Bond University


[Extract] In Part One of this article, we posed the question ‘Why teach ADR to Law Students?’ The question was generated by a review of the literature on the teaching of Alternative Dispute Resolution (ADR) in a number of Western countries, particularly the United States and Australia. The literature revealed that many law schools in these countries have demonstrated a commitment to teaching ADR theory and practice to their students in keeping with the upsurge in clinical education and the belief that ‘black letter’ law units expose students to a narrow perspective of legal practice.

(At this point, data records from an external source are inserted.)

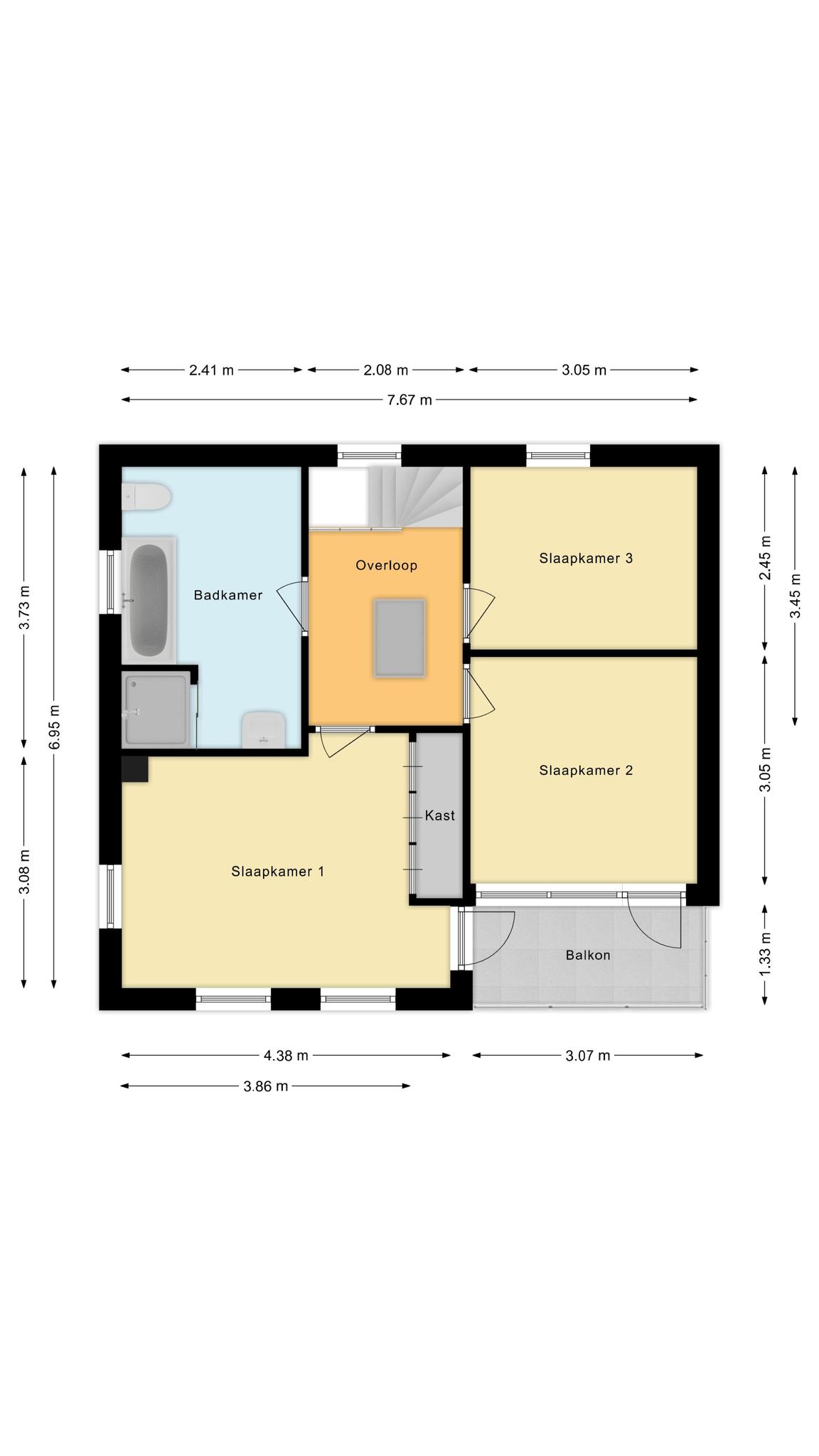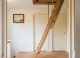 Op de eerste verdieping bevinden zich drie slaapkamers en een badkamer met ligbad, douche en een tweede toilet. Middels een vlizotrap bereik je de tweede verdieping, waar zich een handige zolderberging bevindt.
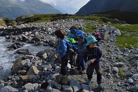 In den nächsten Tagen unternahmen wir mit den Kindern zahlreiche Wanderungen. Lohnende Ziele waren die Seen der Umgebung, aber auch jeder Wasserlauf, jede Brücke wurde zum Abenteuer. Weit musste man mit den Kindern nie laufen. Ständig gab es etwas zu sehen. Große Steine, noch größere Steine, Steinmännchen. Besonders beliebt waren auch Kaulquappen und Frösche. Sogar einen Adler haben wir gesehen. Mit den größeren Kindern haben wir einen versicherten Steig getestet und eine Anhöhe des Stubaier Höhenwegs, das Niederle, erreicht. Mein persönlicher Höhepunkt war die gemeinsame Wanderung zum Sulzenauferner, dem Gletscher rund zwei Stunden oberhalb der Hütte. Markierungen zeigten den Rückgang des Gletschers in den letzten zwanzig Jahren. Direkter kann man nicht erfahren, was Klimaerwärmung bedeutet. Die Eltern haben sich den Aperen Freiger (anstrengend) oder den abenteuerlichen Klettersteig durch die Sulzenauschlucht direkt bei der Hütte vorgenommen.
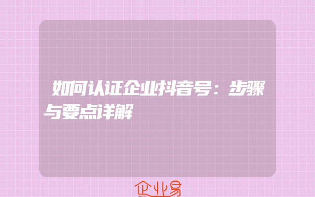 - 如何认证企业抖音号:步骤与要点详解
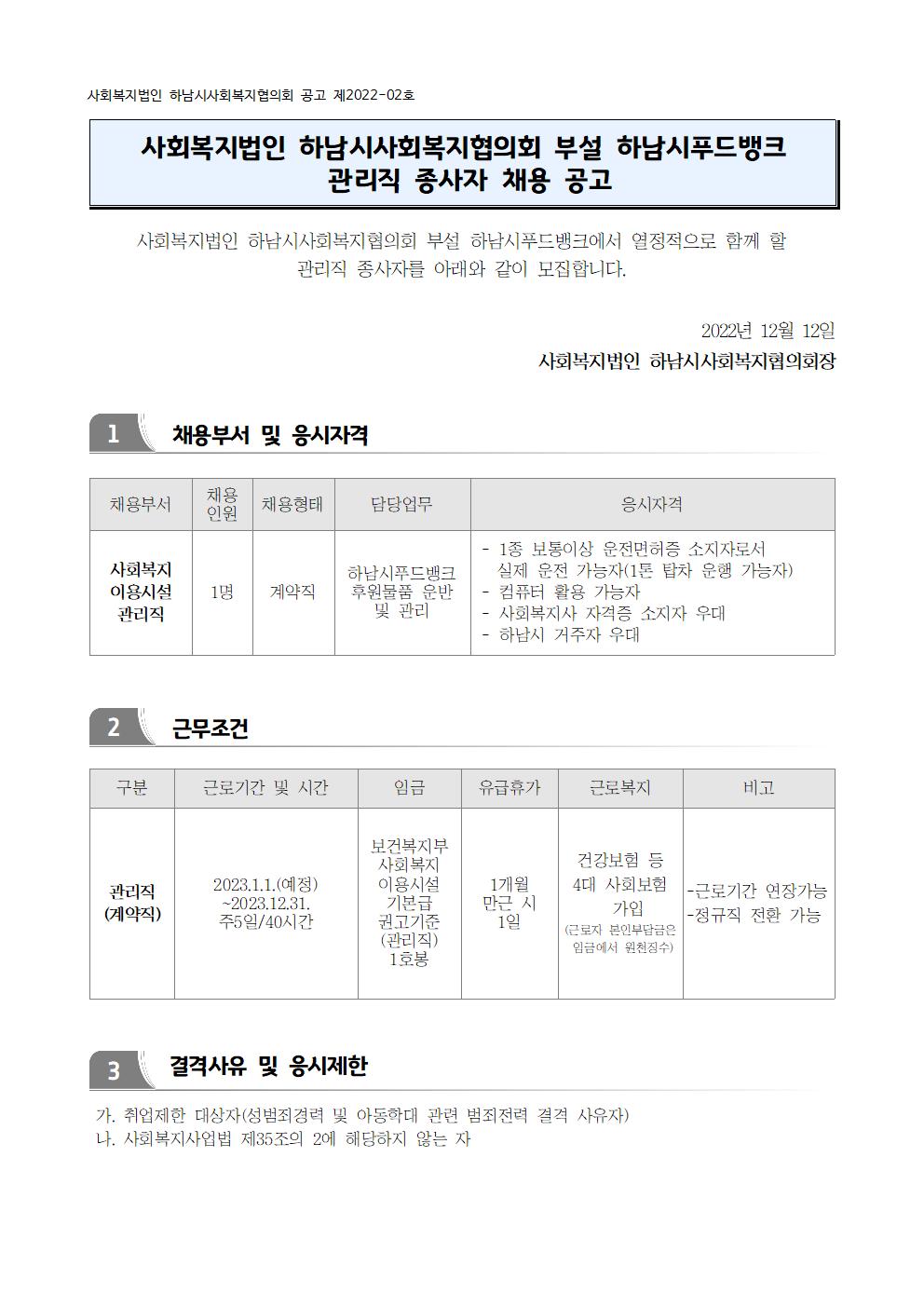 | 채용공고 제2022-02호 「하남시푸드뱅크 관리직 채용」 | |||||
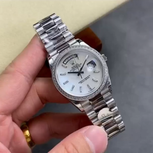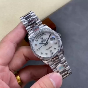 Rolex Day Date 36 MOP Dial Diamond Bezel Platinum m128396tbr 0022
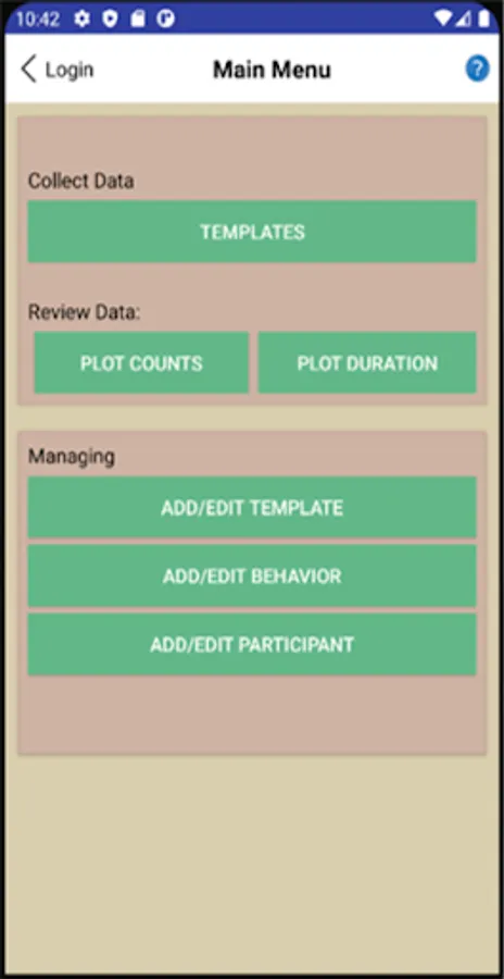 Behavior Data Collection Lite designed for teachers and has only two templates, simple that collects and displays counts and/or durations and interval recording that collects and displays on/off task counts.
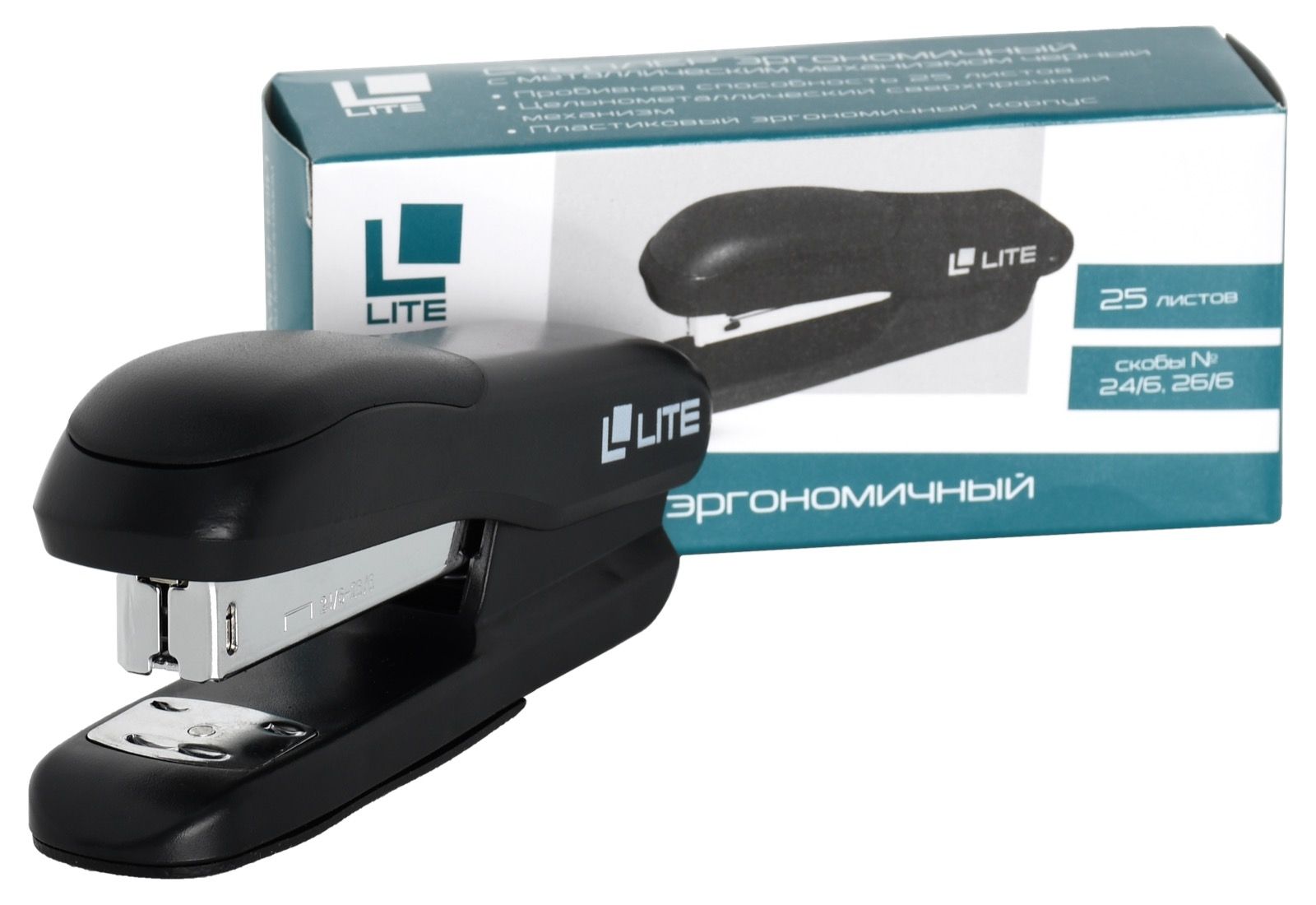 Цвет: черный Материал: пластик Наличие антистеплера: Нет Регулятор глубины закладки бумаги: Нет Размер, см: 12,50 Высота, см: 5,30 Мин. партия и варианты упаковок: 1 / 12 / 120 Степлер LITE №24/6-26/6 до 25 листов, пластик, черный

The commonly held view is that legal education should teach law students ‘what lawyers need to be able to do’ not just ‘what lawyers need to know’.[...] Part One of this article raised important questions for both the academy and the profession. It addressed the question ‘Why teach ADR in law school?’ In other words, to what extent is it giving students who are bombarded with the adversarial, positional direction of the traditional ‘black letter’ subjects’ insights into the collaborative, problem-solving approach, essential for 21st century lawyering? It also noted that attitudinal change, if any, that may ensue as a result of teaching ADR subjects to law students, remains an important question for research in both the fields of legal education and legal professional practice. Part Two of the article examines this latter topic. In the presentation of this part of our work, we seek to suggest some answers to these questions by reporting on an empirical pilot study of teaching ADR as a mandatory unit to first-year law students at La Trobe University in 2005.5 This article provides a brief profile of the students undertaking the unit along a variety of measures and then focuses on a detailed exploration of their views towards ways in which the legal profession manages disputes.